Which consist almost entirely of ancient paperwork and mementos of bygone eras.
There is a reason it hasn’t been dealt with previously – which is because it is mind-numbingly tedious. Oh, I’ve taken care of some things here and there over time; I’ll get to feeling my organizational Wheaties and will jump on in there and purge out bank statements from 1987 and stuff like that…scan important documents to disk and shred the paper-versions…all that kind of stuff.
But the fit usually only lasts for one weekend (usually a rainy one, gee I wonder why THAT might be…), and then I go, “Oh, FORGET IT!!!!” and slam the cabinet shut (frequently on my finger) and then I go on to something more interesting.

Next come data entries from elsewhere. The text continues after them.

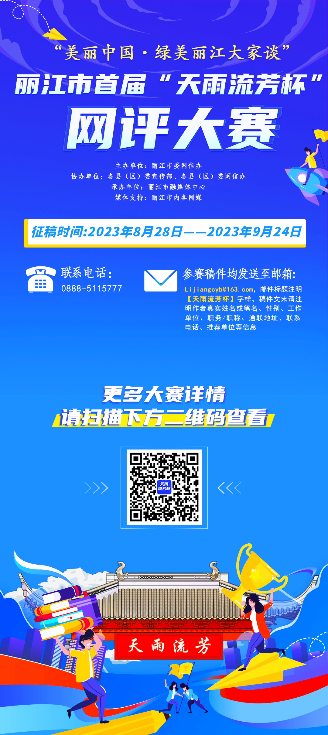 所登載的所有文章僅代表作者個(gè)人觀點(diǎn),與本網(wǎng)站立場(chǎng)無(wú)關(guān)。歡迎關(guān)注麗江市首屆“天雨流芳杯”網(wǎng)評(píng)大賽,投稿郵箱Lijiangcyb@163.com。
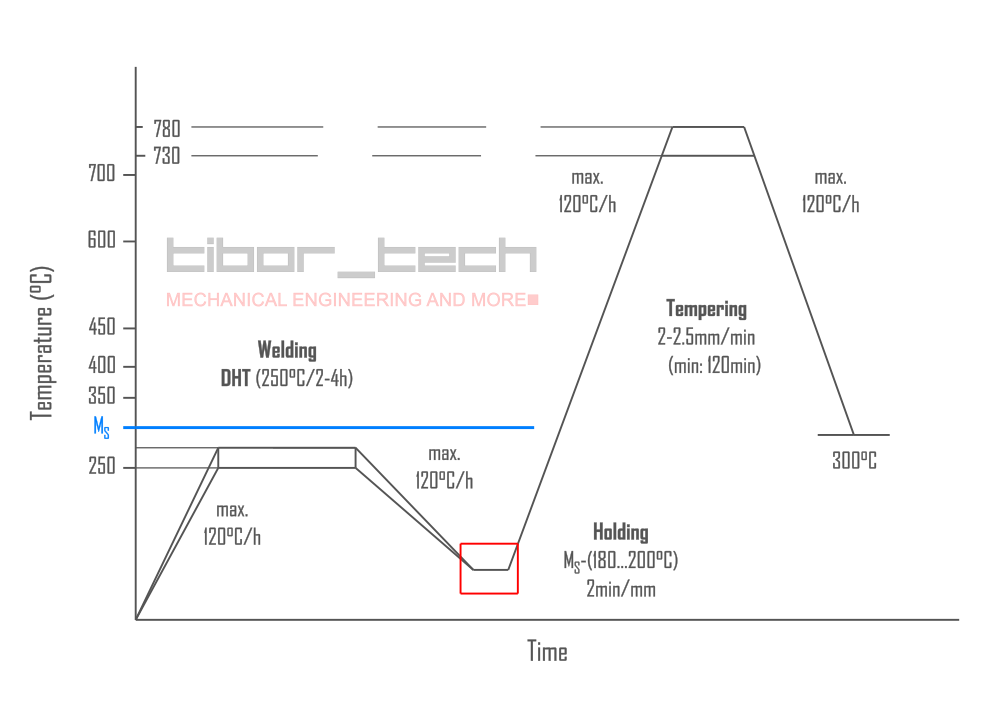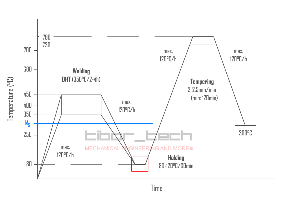 To reach the tempering temperature, the welded joint must be heated at 100-200°C/h. If the joint is cooled immediately after welding and then tempered, carbide and ferrite precipitation can occur during the cooling of the remaining austenite.
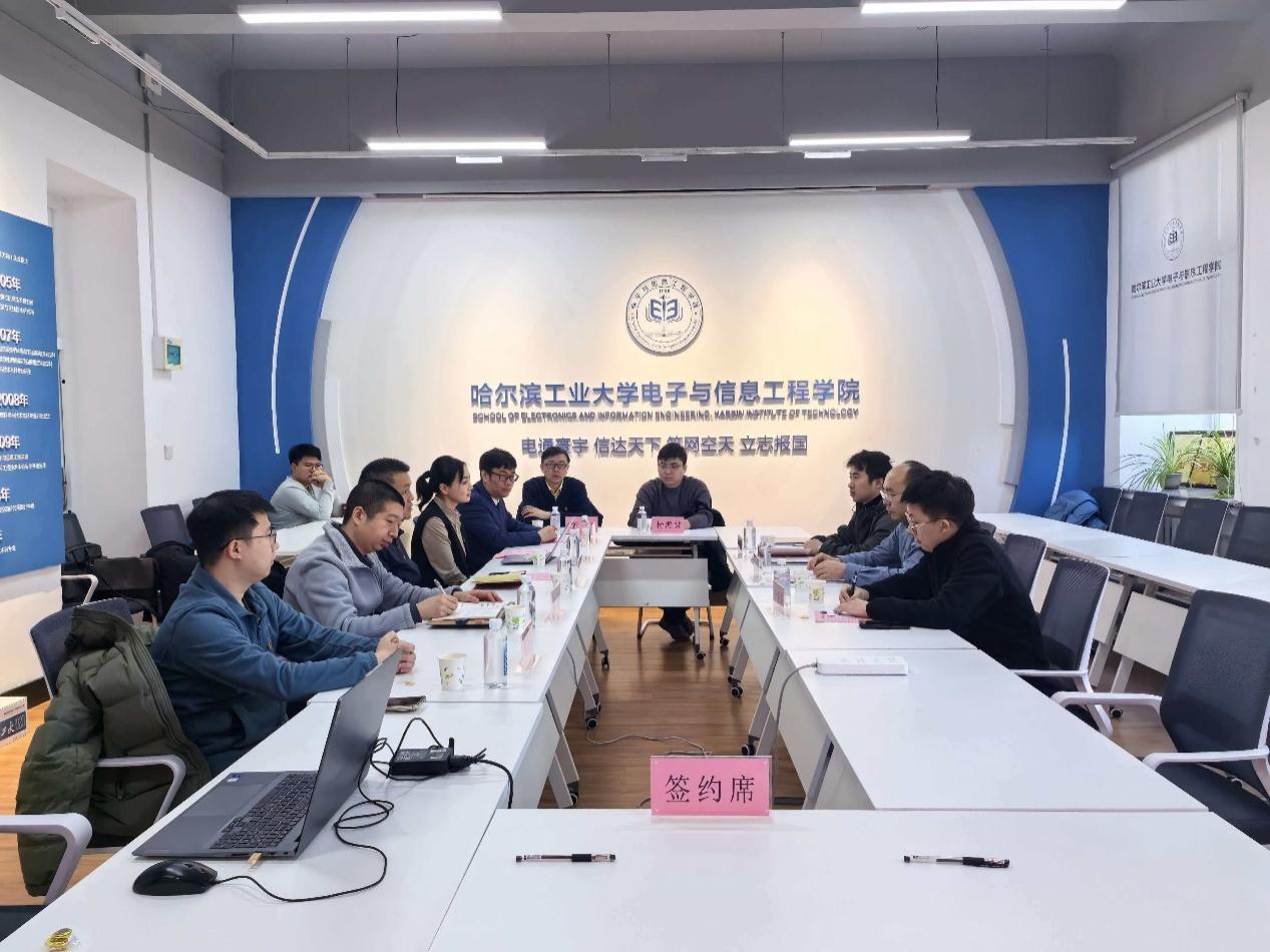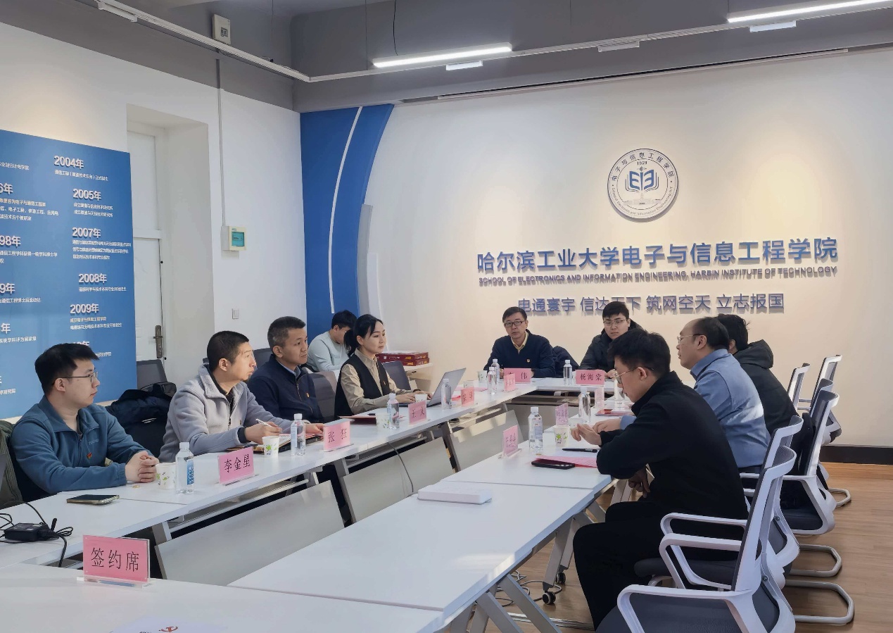 为深入学习贯彻习近平新时代中国特色社会主义思想,实现基层党组织工作互动、资源共享、优势互补,促进校企间党建经验交流和科研合作,电信学院微波工程系师生联合党支部与中国电科33所联合实验室党支部于2025年12月11日在哈工大举行了共建签约仪式。中国电科33所联合实验室党支部书记、常务副主任王月祥,联合实验室平台主管马卫海,联合实验室国际合作经理于星华,电信学院党委书记王义,微波工程系师生联合党支部书记张狂及微波工程系师生联合党支部教师代表共同出席仪式,微波工程系主任宗华主持仪式。
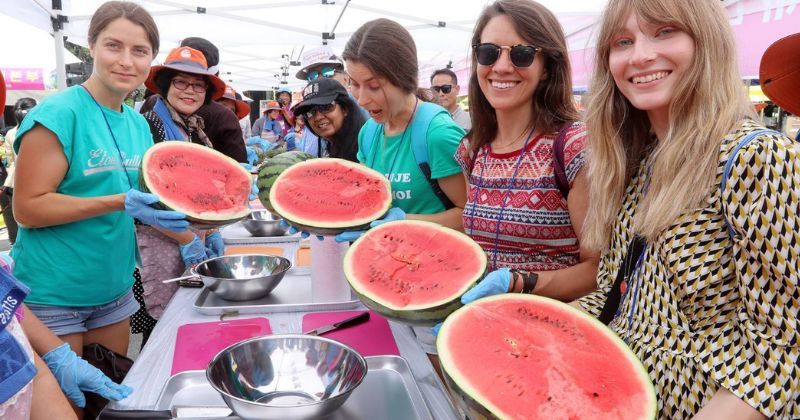 외국인 참가자들이 직접 수박을 손질하며 화채를 준비하는 모습으로, 한국 전통 여름 디저트를 체험하며 즐거워하는 글로벌 문화 교류 현장을 담은 이미지. / 뉴스1
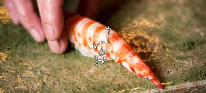 旬の味覚を少しずつ、つまみと握り、時おり串揚げを交えた全23品の少量多皿のおまかせをご堪能いただけます。鮨を軸にしながら、ふと訪れる串揚げの遊び心こそが“海老虎流”。
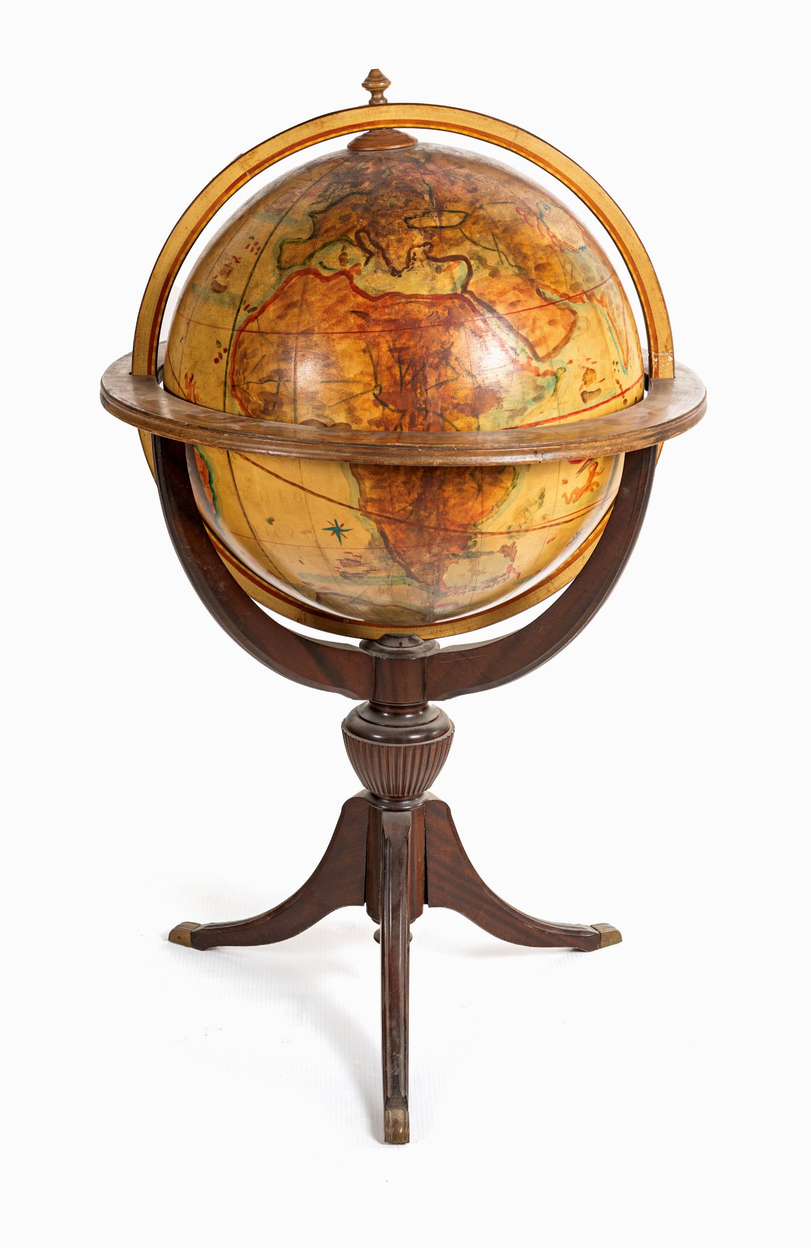Globo terrestre in legno dipinto, inizi del XX secolo

Like watching the grass grow, or listening to the carpet dry.
But, with the filing cabinet actually physically going away now, and with nowhere else I can shove this stuff where I don’t have to trip over it every single day…sigh…
Every night, I try to go through one more of those big, fat hanging folders. I scan the 300-page documents and shred the sensitive ones and recycle the 52 copies of the same “before your appointment” pamphlet from 1992.
And I try to resist the urge to get lost in it.
Which is a terrible danger, given that I have to at least glance at what’s in my hands.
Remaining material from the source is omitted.